0 von 1 Usern fanden diesen Bericht hilfreich, 0 von 0 Usern stimmten diesem Bericht zu.

Marsa Shagra Ecolodge ist ein Zeltcamp. Die Zelte sind recht einfach aber vollkommen ausreichend.
Es gibt auch einige Huts und Chalets.
Die Zelte und Huts haben Gemeinschaftstoiletten und Duschen. Die aber Top-sauber sind.Die Chalets haben ein eigenes bad und eine eigene Toilette.
Die Anlage liegt etwa 45km vom Airport Marsa Alam weg.
Das Essen ist sehr gut. Frühstüch, Mittagessen, Kuchen und Abendessen. Alle Softdrinks sowie Wasser inkl., Bier 0,5l kostet 2€.
Die Angestellten in der Basis sind alle superfreundlich.

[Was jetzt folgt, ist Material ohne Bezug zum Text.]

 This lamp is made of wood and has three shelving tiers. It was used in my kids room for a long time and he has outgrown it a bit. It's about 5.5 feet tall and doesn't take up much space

Man sollte allerdings Englisch können um seine Bedürfnisse zu erfragen.
Nitrox wenn benötigt 32, 36 kostet pro tank 6€ extra.

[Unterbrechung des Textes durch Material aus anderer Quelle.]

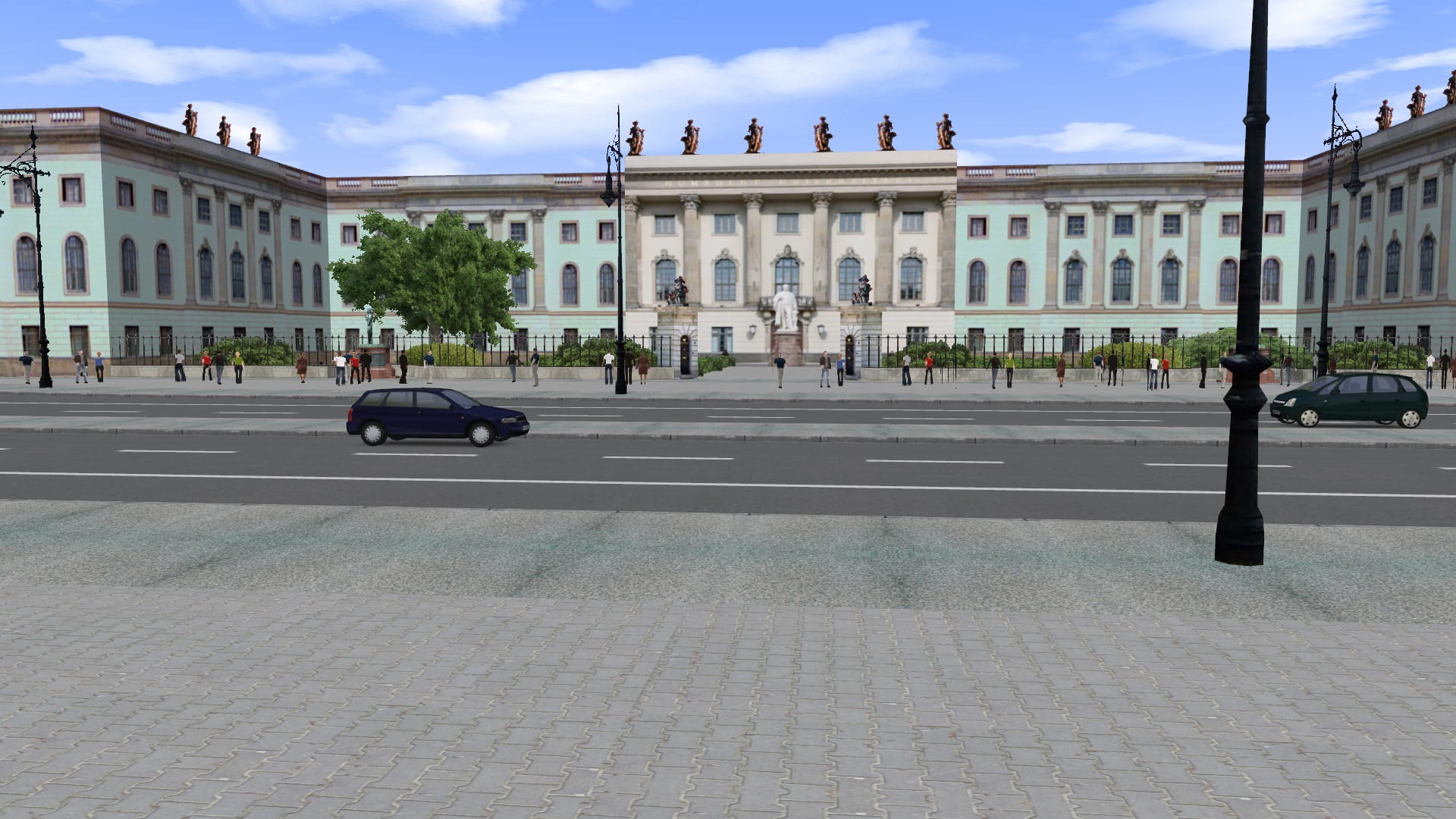 Ich weiß, du hattest geschrieben, die Map wird nur halb-real werden, aber wirst du trotzdem noch die Spurführung für "Unter den Linden" anpassen? Real wäre da nämlich zwischen Gehweg und Busspur noch ne Parkspur (es sei denn die wurde im letzten Jahr entfernt). Hier mal Street view als vergleich und zum veranschaulichen was ich meine (Unter den Linden/Glinkastraße) Street View (klick mich). Außerdem ist die Busspur eigentlich so ca. nen halben Meter breiter als die "normalen" Spuren.

Speedboottouren kosten 5€ extra.
Elphinestone Reef mit Speedboot kostet 20€ für einen, 35€ für 2 Tauchgänge. Fahrzeit etwa 25 min.
Dolphin House 2 Tauchgänge als Ganztagesausflug kosten 50€.

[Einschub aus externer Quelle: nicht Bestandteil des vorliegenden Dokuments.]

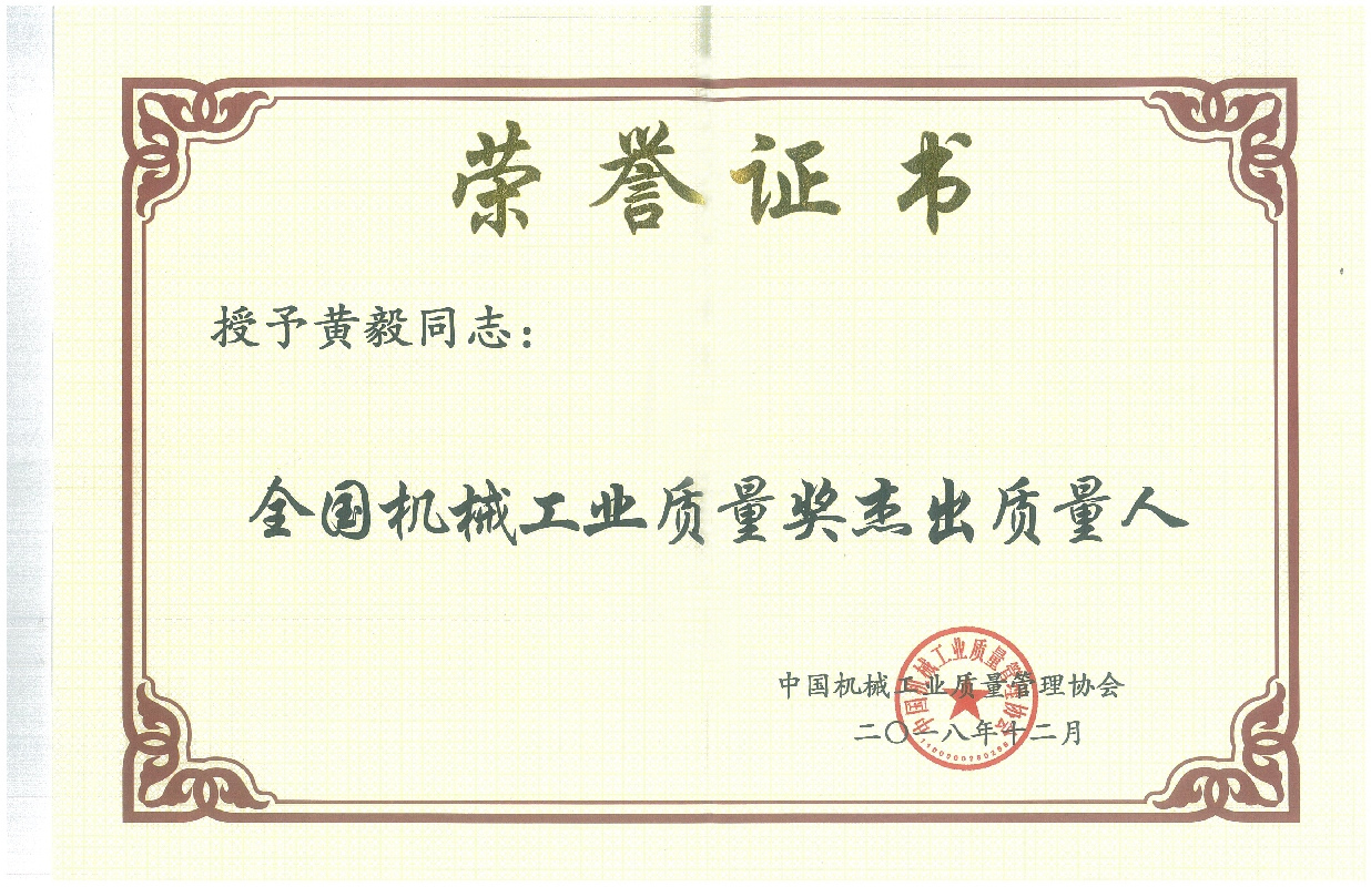 摘要:黃毅董事長榮獲“全國機械工業(yè)質(zhì)量獎杰出質(zhì)量人”榮譽稱號

Das Tauchpaket beinhaltet 5 Tage non Limted Hausriff tauchen. Strandtauchgänge bzw. Zodiaktauchgänge und Trucktauchgänge.
Ein Extra Tauchtag kostet 35€.
T-Shirt 15€, Sweater 30€
Alle Preise verstehen sich zuzügl. 10% TAX Gebühr.
Zum tauchen: Ich kann jetzt nur von meinen Erfahrungen schreiben. Elphinestone Reef nur für Könner superstarke Strömung ansonsten gut aber nicht spektakuläres gesehen. Andere haben Hammerhaie, Mantas etc. gesehen.
Dolhine House: Delphine nur aus der Entfernung über Wasser gesehen ansonsten sehr schöne Korallen
und Felsformationen. Fahrzeit mit Truck ca. 45 min. anschliessend mit Boot 45min.
Hausriff: Superschönes Hausriff klasse Korallenlandschaft Napoleons, Schildkröten, Haie,
Krokodilfische, Steinfische,Kofferfische noch und nöcher. Tolle Nachtauchgänge!Mit dem Truck werden versch. andere Tauchplätze angefahren z.b Marsa abu dahab (Dugongplatz) mit viel Glück sieht man dort eine ca. 2,5m große Seekuh, Schildkröten eigentlich immer (sehr grosse).
Fazit: Eine für Taucher sehr gute Anlage viel Tauchen (29 tauchgänge in 6 Tagen) gutes und ausreichendes Essen und Abens findet man immer jemanden zum Tauchaustausch.